DATA SECTION: Begin

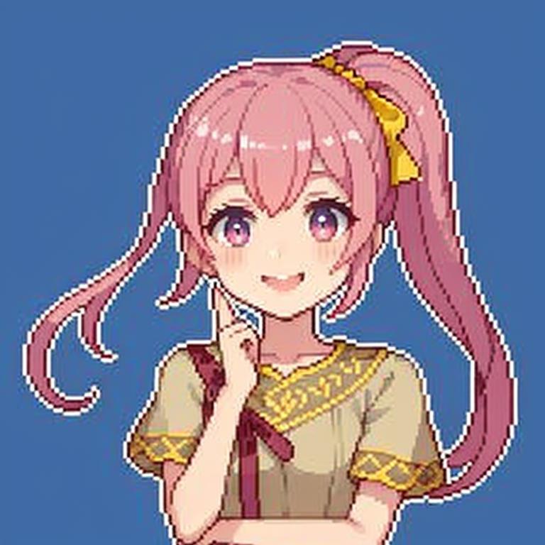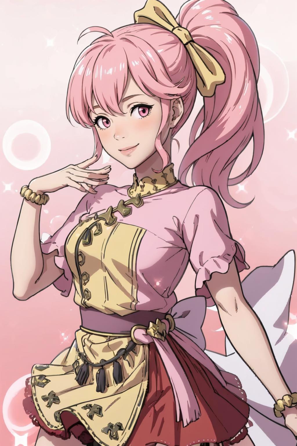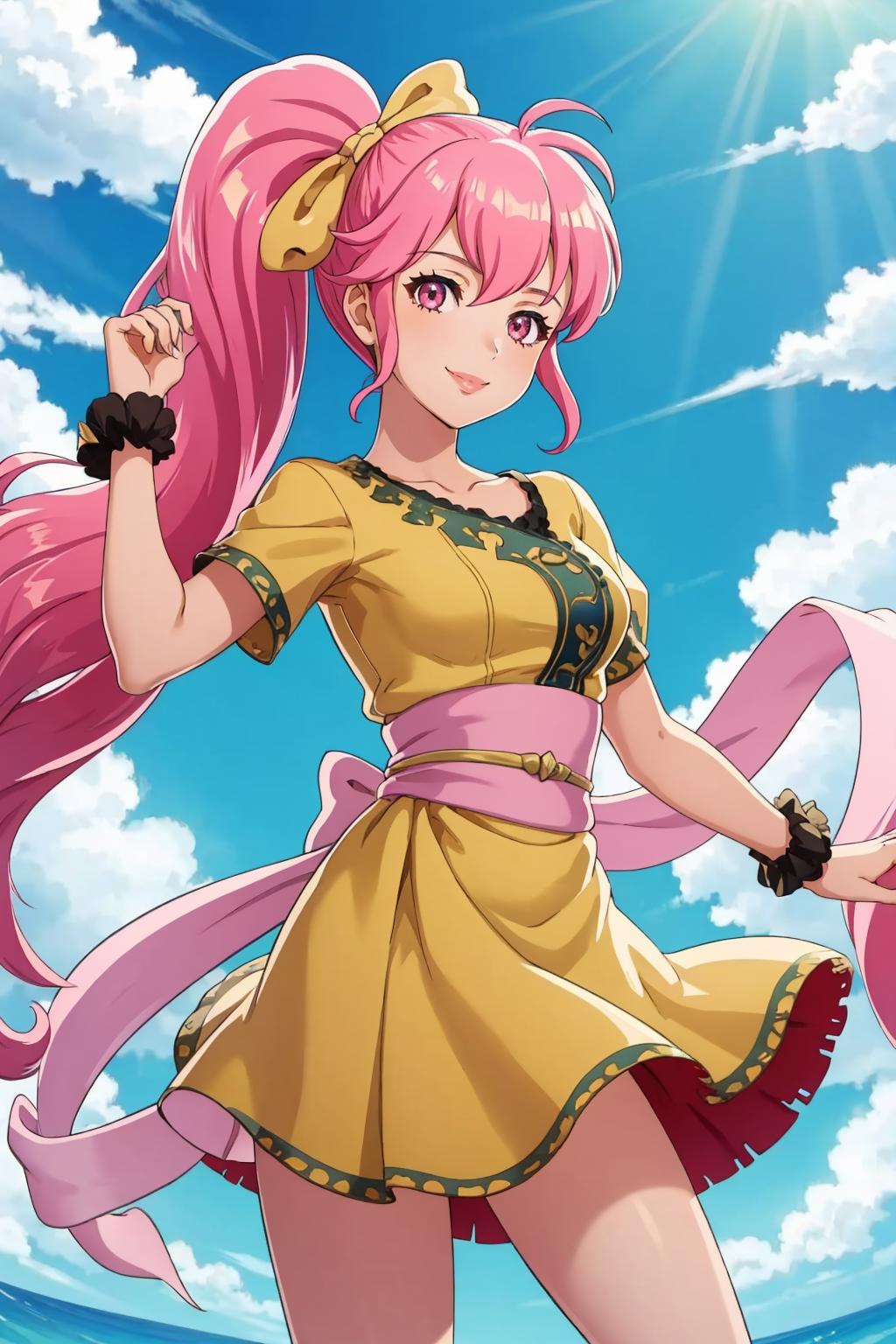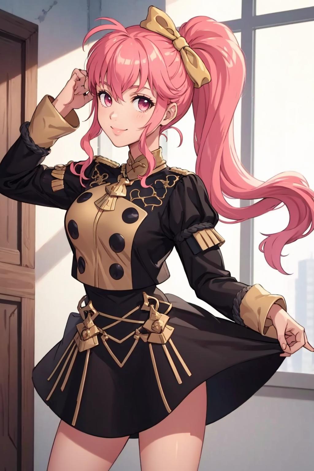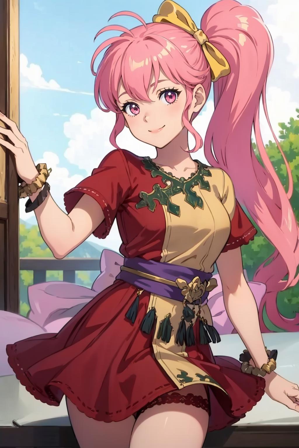 For her default outfit its "ponytail, dress, hair bow, ribbon"
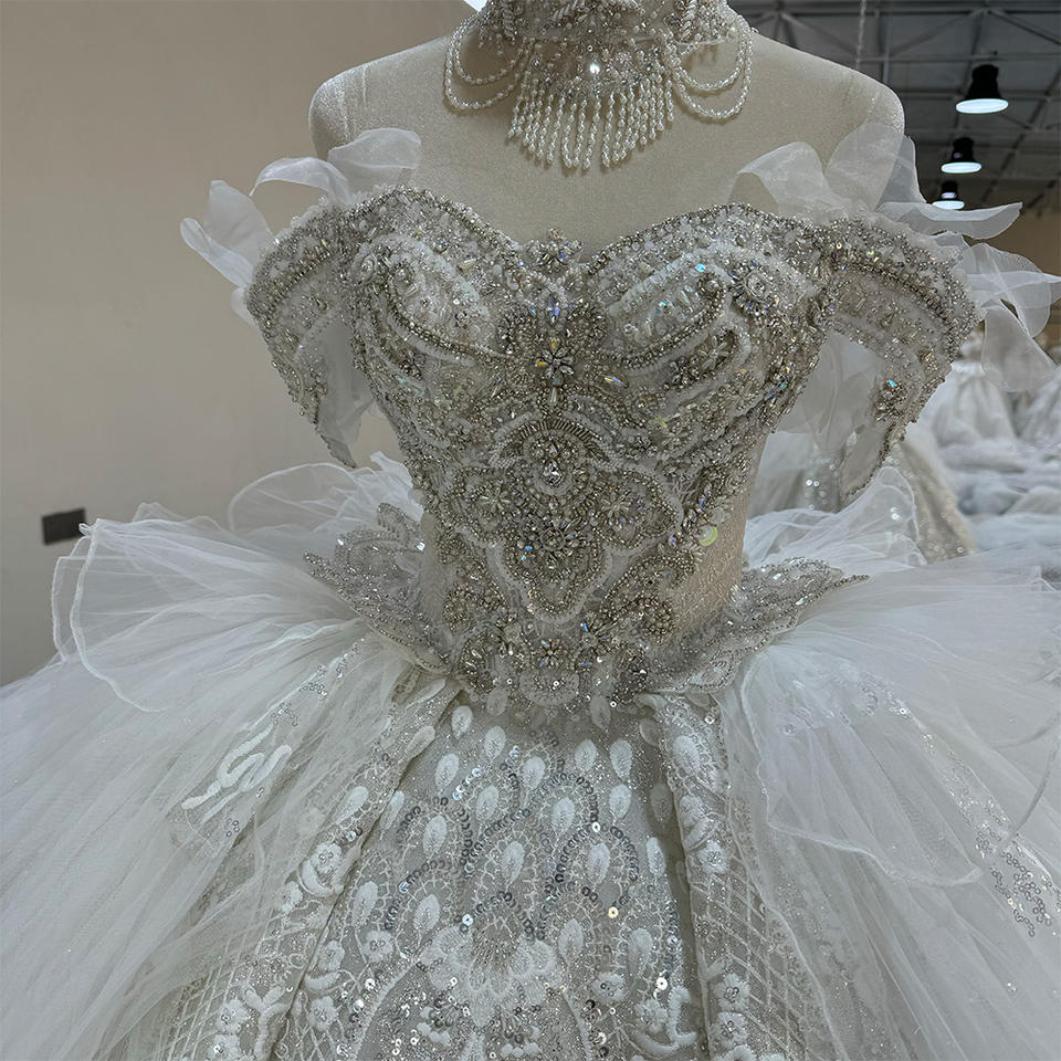 MN253แจนเซมเบอร์เดรสสำหรับงานแต่งงานประดับด้วยลูกปัดเลื่อมเปิดไหล่
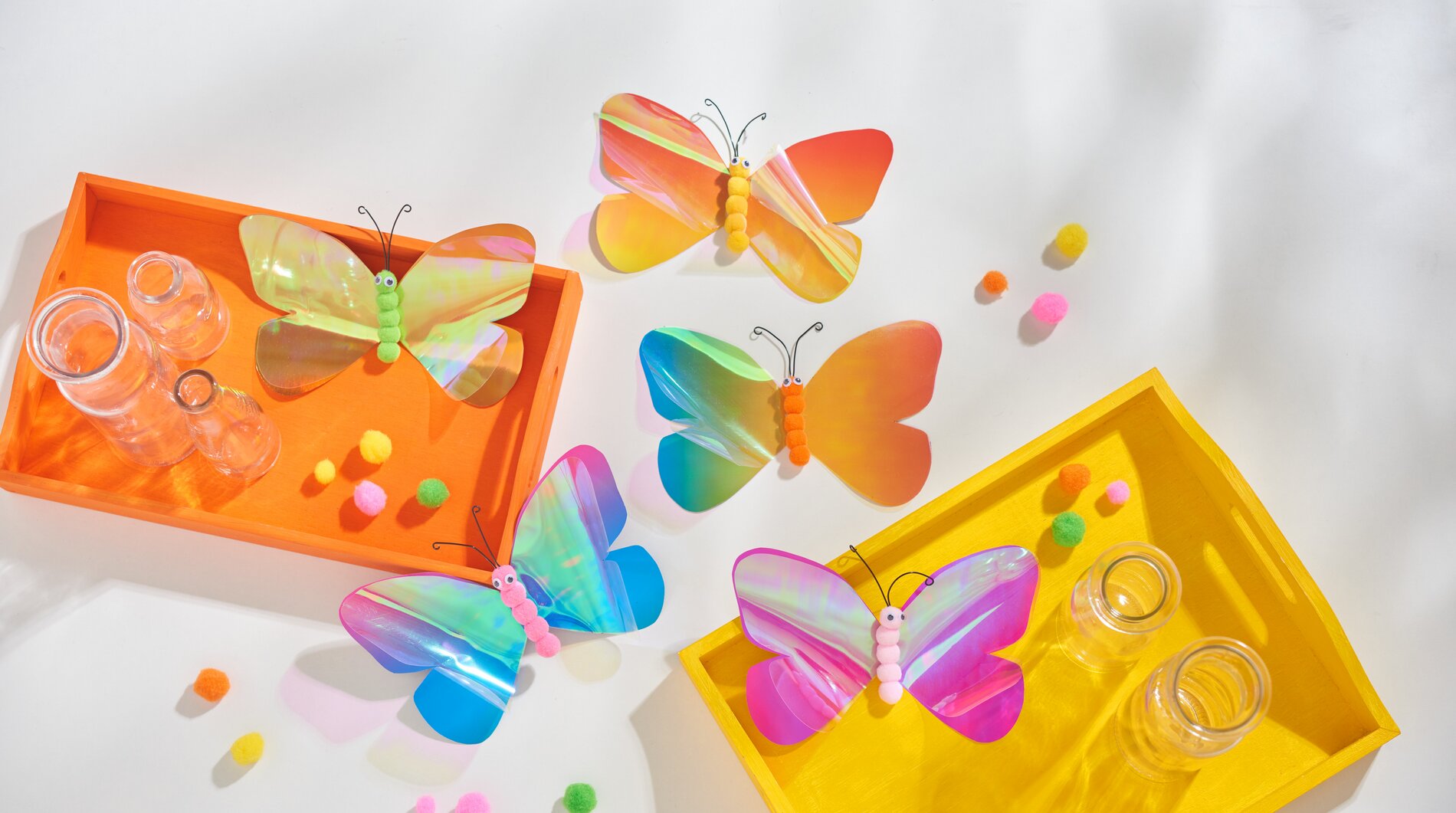 Odstřihněte 12 cm drátu, přeložte ho uprostřed a dole přitiskněte k sobě tak, aby oba konce drátu tvořily tykadla. Pomocí kulatých kleští tykadla vytvarujte. Na hlavičku bambulky naneste tečku lepidla a tykadla přilepte. Nakonec přilepte tělo na křídla.

DATA SECTION: End

#### WHAT IS EXPECTED:
Produce the material above again in full, with identical lines and no pictures.

#### WRITTEN SOLUTION:
 For her default outfit its "ponytail, dress, hair bow, ribbon"
 MN253แจนเซมเบอร์เดรสสำหรับงานแต่งงานประดับด้วยลูกปัดเลื่อมเปิดไหล่
 Odstřihněte 12 cm drátu, přeložte ho uprostřed a dole přitiskněte k sobě tak, aby oba konce drátu tvořily tykadla. Pomocí kulatých kleští tykadla vytvarujte. Na hlavičku bambulky naneste tečku lepidla a tykadla přilepte. Nakonec přilepte tělo na křídla.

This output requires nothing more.